Sunday, April 29, 2012

Art Event #2 : Pam Cardwell talk




     I thought that the talk given by visiting artist Pam Cardwell was interesting on several fronts. I really liked how she explained her process as working like a writer or novelist in that she starts her works with lots of details, from whatever source she is working from, and then begins to refine them and abstract them. I also thought her talk was interesting in that she explained her interest in the work of Gorky and how she was first exposed to his work when on a field trip when she was very young. Cardwell then explained how she taught and lived in Turkey from 1998-2004, during that time she traveled in Armenia and Georgia where she looked at Armenian illuminated manuscripts and monasteries. She elaborated on what she loved most about these sites by describing how she looked to the frescoes in Georgian churches by loving the “massive scale and vibrant colors” and the faded images from the churches.
     Perhaps the first point that I picked up on, and I saw realized in the drawings she did while visiting SMCM, was her idea that she works like a “novelist.” In that she will work from imagery seen in the environment around her and her first sketches will be more “realistic” and then she will go back into her drawings with an eraser and charcoal and rearrange and rework her drawings until they were abstracted forms of the original. I feel like this idea is exactly the same mindset as what I am working with in my current project. When I say that I am referring to how my current work involves taking preexisting documents and slowly making alterations and additions to the document to remake them in a fashion that seems more “real” in accordance to my own vision. So, in a way I find that my own working process is in line with what Cardwell described in her talk simply by coincidence of a similar mindset/practice while working.
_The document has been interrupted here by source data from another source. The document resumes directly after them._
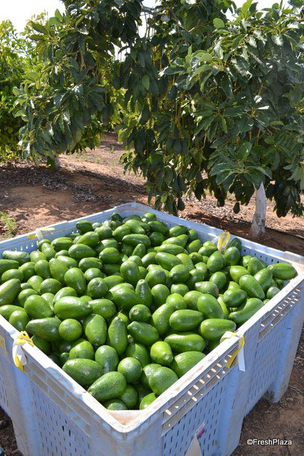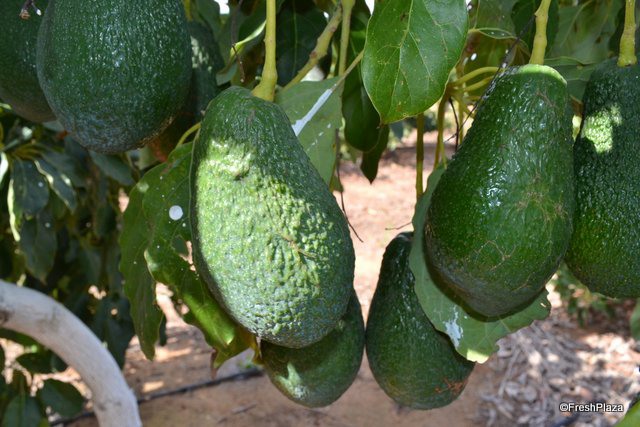 A tree full with avocadoes. The stem of the tree is white, this is to potect the tree against sunburn.
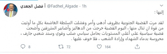 وكتب في تغريدة عبر "تويتر" رصدها "المشهد العربي": "لقد مرت القضية الجنوبية بظروف أدهى وأمر وفشلت السلطة الغاشمة بكل ما أوتيت من قوة أن تنال منها، اليوم القضية خرجت من الدهاليز وأضابير المترزقين وأضحت قضية سياسية على أعلى المستويات بحامل سياسي صلب وقوي وسند شعبي جارف، محروسة بدماء الشهداء وإرادة الشعب، فلا خوف عليها".
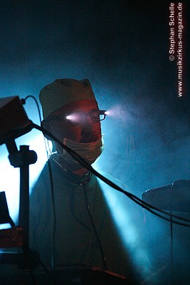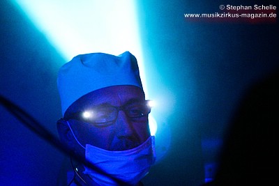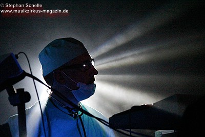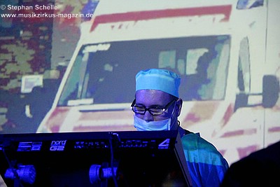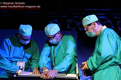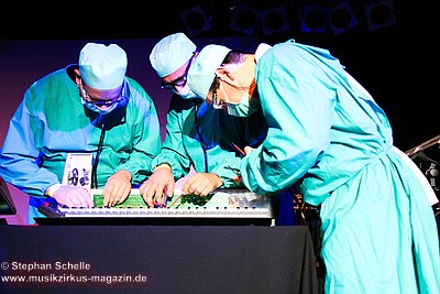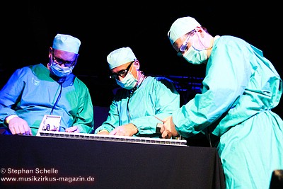 zeigt die drei Musiker in OP-Bekleidung. Dieses Outfit hatten sie sich
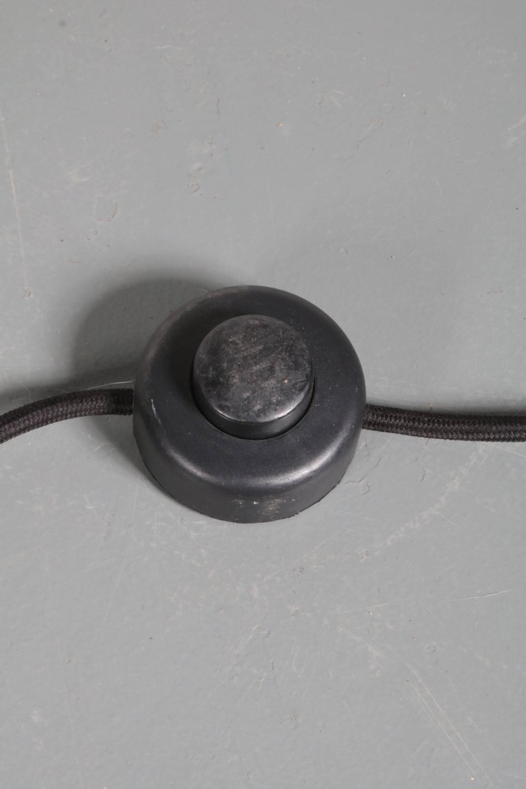 This wonderful piece resembles the shape of a sail, with a black lacquered bent metal base and a big white perforated metal shade. The base pierces to the bottom and top part of the shape, a beautiful detail to the piece. This use of shape, materials and colour together with the unique design strongly reminds of the work of Mario Botta.
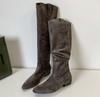 2024 Новый Стиль Кучи Сапог Заостренный Носок Квадратный Каблук Замша Римский Стиль Коричневые Длинные Сапоги до Колена Женские Сапоги
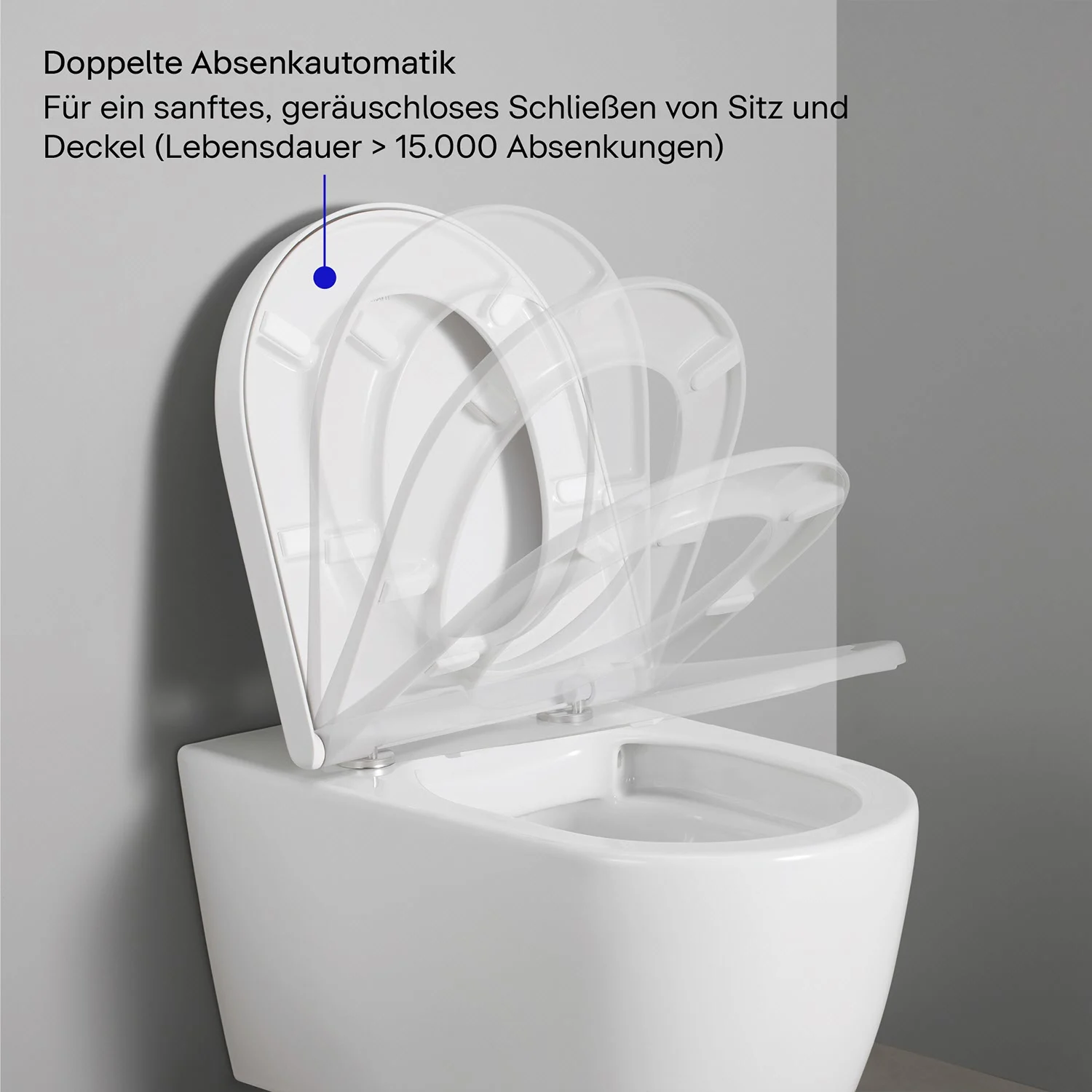 - mit Absenkautomatik für sanftes, geräuschloses Schließen von Sitz und Deckel
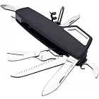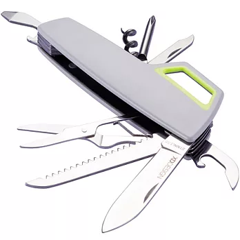 本商品一組含小刀與掛勾各 x 1;內含 10 種修繕功能,有小刀、鋸齒刀、剪刀、一字起 x 2、十字起、軟木螺旋鑽刀、開瓶器、開罐器、指甲銼刀。多功能、方便且耐用的工具組有廣泛的用途,如登山健走、踏青旅行等運動,亦或日常修理自行車、汽車、電腦等,都是不可或缺的實用好幫手;可拆卸式掛勾,方便固定於包袋上攜帶。
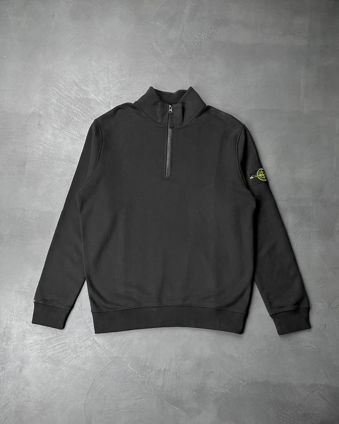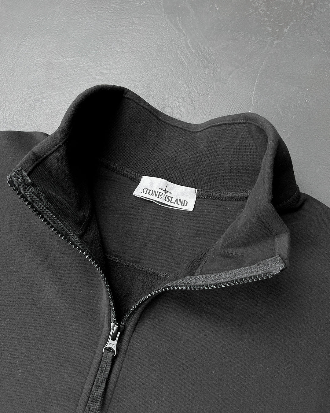 Ця толстовка напівзамкова з хлопкового флісу з начосом. Одяг окрашений в готовому вигляді. Воротник-стійка з внутрішньою тонкою резинкою. Застібка-блискавка. Прострочені шви. Ребристі манжети та нижня резинка. Самопідкладка з закругленою строчкою під вирізом горловини на спині.
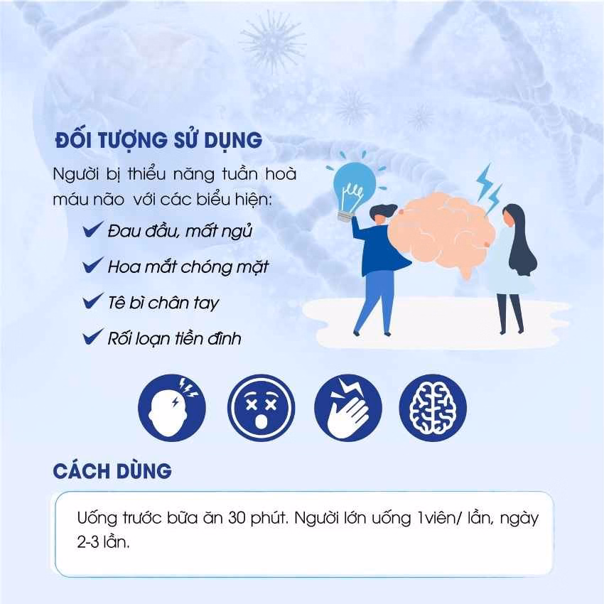 Viên uống giúp hoạt huyết dưỡng não, tăng cường tuần hoàn não và lưu thông máu não. Hỗ trợ làm giảm các triệu chứng thiểu năng tuần hoàn máu não như đau đầu mất ngủ, hoa mắt, chóng mặt, tê bì chân tay, rối loạn tiền đình.
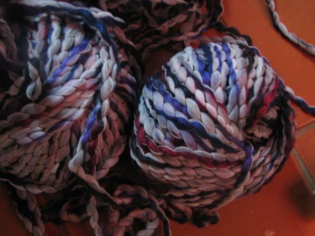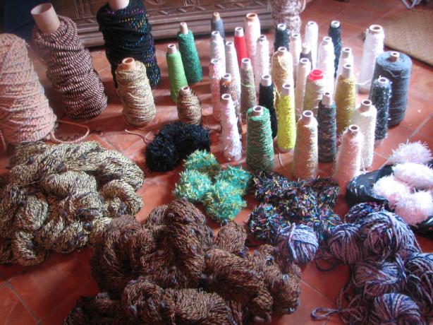 voici mon dernier achat au grenier à laine. La photo globale ne peut pas donner la précision du détail de chaque fil.... une performance en matière de fil fantaisie. Avec les gros cônes du fond, on peut réaliser de gros rideaux à mouches ou des tapis de sol... les idées ne manquent pas ! |
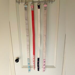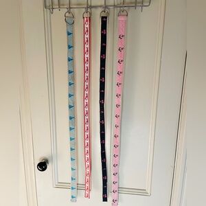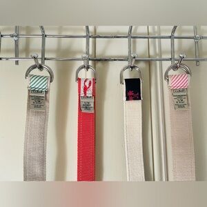 4 belts: sailboats, lobster, palm trees / flamingos, and anchors. All size women’s Small / Medium, about 40 inches long. 3 are LLBean, 1 is not. A few have mild discoloration and one has a small paint stain (see photos). Great for a preppy / sailing look! Price is for all 4 belts, not selling separately.
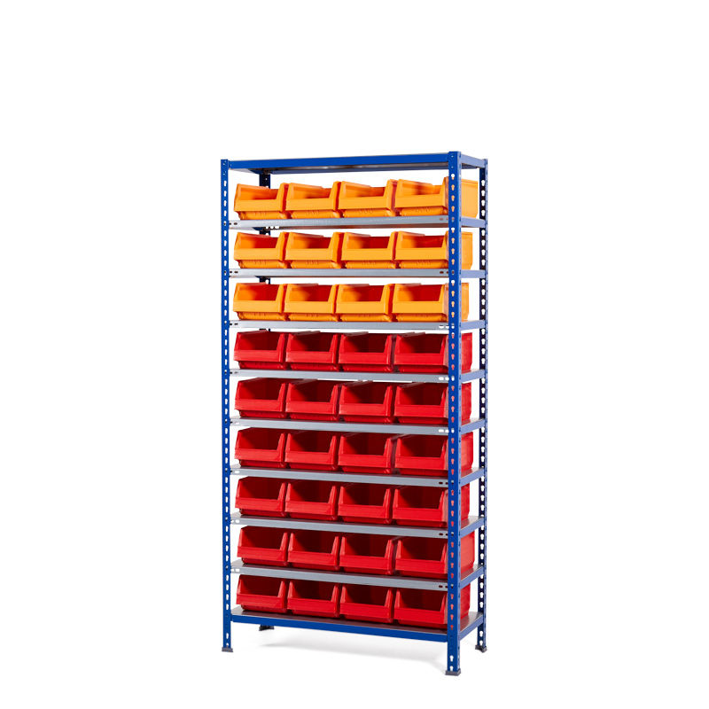 Enkel att montera, helt utan och skruvar och verktyg. Passar lika bra som arkivhylla som lagerhylla.
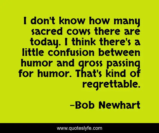 This page presents the quote "I don't know how many sacred cows there are today. I think there's a little confusion between humor and gross passing for humor. That's kind of regrettable.". Author of this quote is Bob Newhart. This quote is about think, today,.

     Finally, what I think is working strongly in Cardwell’s work is that her drawings and paintings really do appear as these unique, natural “things” that your eyes have never seen before, yet also have some familiarity behind them. Looking at these images does allow the mind to start forming some connections – perhaps because I did see her studio when she was visiting, it is easy for my own mind to draw connections between these works and various natural formations (beaches, rocks, etc) and natural organisms, such as plant life. I also though that her explanation of her working process – taking in as much information as possible and then slowly letting some of it go – made her work much stronger and more relatable, as I could better understand how her mind was working through these artistic situations.